** The problem **
Write the data below out in full, exactly as it stands.

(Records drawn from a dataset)
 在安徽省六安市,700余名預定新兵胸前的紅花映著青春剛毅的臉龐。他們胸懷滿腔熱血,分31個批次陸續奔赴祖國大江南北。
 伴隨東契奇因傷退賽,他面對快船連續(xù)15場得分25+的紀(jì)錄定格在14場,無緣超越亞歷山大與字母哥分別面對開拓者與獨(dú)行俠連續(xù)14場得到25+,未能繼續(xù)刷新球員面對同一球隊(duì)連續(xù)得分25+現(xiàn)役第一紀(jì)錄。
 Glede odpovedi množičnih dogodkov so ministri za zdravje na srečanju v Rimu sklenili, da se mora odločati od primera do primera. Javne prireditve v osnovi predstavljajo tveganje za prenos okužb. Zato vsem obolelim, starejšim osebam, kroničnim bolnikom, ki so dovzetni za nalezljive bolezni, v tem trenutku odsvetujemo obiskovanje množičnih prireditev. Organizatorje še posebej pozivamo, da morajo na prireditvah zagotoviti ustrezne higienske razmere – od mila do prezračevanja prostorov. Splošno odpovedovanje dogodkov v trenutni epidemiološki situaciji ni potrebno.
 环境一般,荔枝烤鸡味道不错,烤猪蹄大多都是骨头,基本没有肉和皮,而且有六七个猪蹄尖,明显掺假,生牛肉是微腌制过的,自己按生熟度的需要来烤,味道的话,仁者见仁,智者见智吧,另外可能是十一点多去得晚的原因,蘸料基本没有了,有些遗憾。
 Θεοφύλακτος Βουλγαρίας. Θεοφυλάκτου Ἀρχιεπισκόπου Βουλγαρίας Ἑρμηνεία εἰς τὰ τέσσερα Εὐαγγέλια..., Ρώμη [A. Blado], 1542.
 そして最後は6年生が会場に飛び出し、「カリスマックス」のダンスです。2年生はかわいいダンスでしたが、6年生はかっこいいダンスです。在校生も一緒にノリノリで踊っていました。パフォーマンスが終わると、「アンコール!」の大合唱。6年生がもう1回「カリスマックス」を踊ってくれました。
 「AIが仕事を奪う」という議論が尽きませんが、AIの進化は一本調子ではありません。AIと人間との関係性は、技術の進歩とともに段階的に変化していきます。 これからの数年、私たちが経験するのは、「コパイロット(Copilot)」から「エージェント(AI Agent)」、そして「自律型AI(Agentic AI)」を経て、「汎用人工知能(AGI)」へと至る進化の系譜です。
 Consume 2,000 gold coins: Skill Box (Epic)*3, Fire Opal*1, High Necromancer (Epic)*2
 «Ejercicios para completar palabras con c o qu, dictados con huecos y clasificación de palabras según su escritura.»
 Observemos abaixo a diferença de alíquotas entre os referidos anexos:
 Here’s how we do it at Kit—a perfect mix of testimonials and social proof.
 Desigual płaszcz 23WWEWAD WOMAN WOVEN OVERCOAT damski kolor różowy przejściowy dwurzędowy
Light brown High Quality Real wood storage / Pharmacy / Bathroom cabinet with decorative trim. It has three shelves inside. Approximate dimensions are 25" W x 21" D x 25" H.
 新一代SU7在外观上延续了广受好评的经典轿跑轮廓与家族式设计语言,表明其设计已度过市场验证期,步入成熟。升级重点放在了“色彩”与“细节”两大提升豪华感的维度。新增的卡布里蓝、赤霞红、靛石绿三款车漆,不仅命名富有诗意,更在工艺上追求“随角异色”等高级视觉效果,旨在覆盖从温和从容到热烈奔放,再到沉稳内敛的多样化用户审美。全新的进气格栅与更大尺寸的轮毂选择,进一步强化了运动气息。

** Exercise result **
 在安徽省六安市,700余名預定新兵胸前的紅花映著青春剛毅的臉龐。他們胸懷滿腔熱血,分31個批次陸續奔赴祖國大江南北。
 伴隨東契奇因傷退賽,他面對快船連續(xù)15場得分25+的紀(jì)錄定格在14場,無緣超越亞歷山大與字母哥分別面對開拓者與獨(dú)行俠連續(xù)14場得到25+,未能繼續(xù)刷新球員面對同一球隊(duì)連續(xù)得分25+現(xiàn)役第一紀(jì)錄。
 Glede odpovedi množičnih dogodkov so ministri za zdravje na srečanju v Rimu sklenili, da se mora odločati od primera do primera. Javne prireditve v osnovi predstavljajo tveganje za prenos okužb. Zato vsem obolelim, starejšim osebam, kroničnim bolnikom, ki so dovzetni za nalezljive bolezni, v tem trenutku odsvetujemo obiskovanje množičnih prireditev. Organizatorje še posebej pozivamo, da morajo na prireditvah zagotoviti ustrezne higienske razmere – od mila do prezračevanja prostorov. Splošno odpovedovanje dogodkov v trenutni epidemiološki situaciji ni potrebno.
 环境一般,荔枝烤鸡味道不错,烤猪蹄大多都是骨头,基本没有肉和皮,而且有六七个猪蹄尖,明显掺假,生牛肉是微腌制过的,自己按生熟度的需要来烤,味道的话,仁者见仁,智者见智吧,另外可能是十一点多去得晚的原因,蘸料基本没有了,有些遗憾。
 Θεοφύλακτος Βουλγαρίας. Θεοφυλάκτου Ἀρχιεπισκόπου Βουλγαρίας Ἑρμηνεία εἰς τὰ τέσσερα Εὐαγγέλια..., Ρώμη [A. Blado], 1542.
 そして最後は6年生が会場に飛び出し、「カリスマックス」のダンスです。2年生はかわいいダンスでしたが、6年生はかっこいいダンスです。在校生も一緒にノリノリで踊っていました。パフォーマンスが終わると、「アンコール!」の大合唱。6年生がもう1回「カリスマックス」を踊ってくれました。
 「AIが仕事を奪う」という議論が尽きませんが、AIの進化は一本調子ではありません。AIと人間との関係性は、技術の進歩とともに段階的に変化していきます。 これからの数年、私たちが経験するのは、「コパイロット(Copilot)」から「エージェント(AI Agent)」、そして「自律型AI(Agentic AI)」を経て、「汎用人工知能(AGI)」へと至る進化の系譜です。
 Consume 2,000 gold coins: Skill Box (Epic)*3, Fire Opal*1, High Necromancer (Epic)*2
 «Ejercicios para completar palabras con c o qu, dictados con huecos y clasificación de palabras según su escritura.»
 Observemos abaixo a diferença de alíquotas entre os referidos anexos:
 Here’s how we do it at Kit—a perfect mix of testimonials and social proof.
 Desigual płaszcz 23WWEWAD WOMAN WOVEN OVERCOAT damski kolor różowy przejściowy dwurzędowy
Light brown High Quality Real wood storage / Pharmacy / Bathroom cabinet with decorative trim. It has three shelves inside. Approximate dimensions are 25" W x 21" D x 25" H.
 新一代SU7在外观上延续了广受好评的经典轿跑轮廓与家族式设计语言,表明其设计已度过市场验证期,步入成熟。升级重点放在了“色彩”与“细节”两大提升豪华感的维度。新增的卡布里蓝、赤霞红、靛石绿三款车漆,不仅命名富有诗意,更在工艺上追求“随角异色”等高级视觉效果,旨在覆盖从温和从容到热烈奔放,再到沉稳内敛的多样化用户审美。全新的进气格栅与更大尺寸的轮毂选择,进一步强化了运动气息。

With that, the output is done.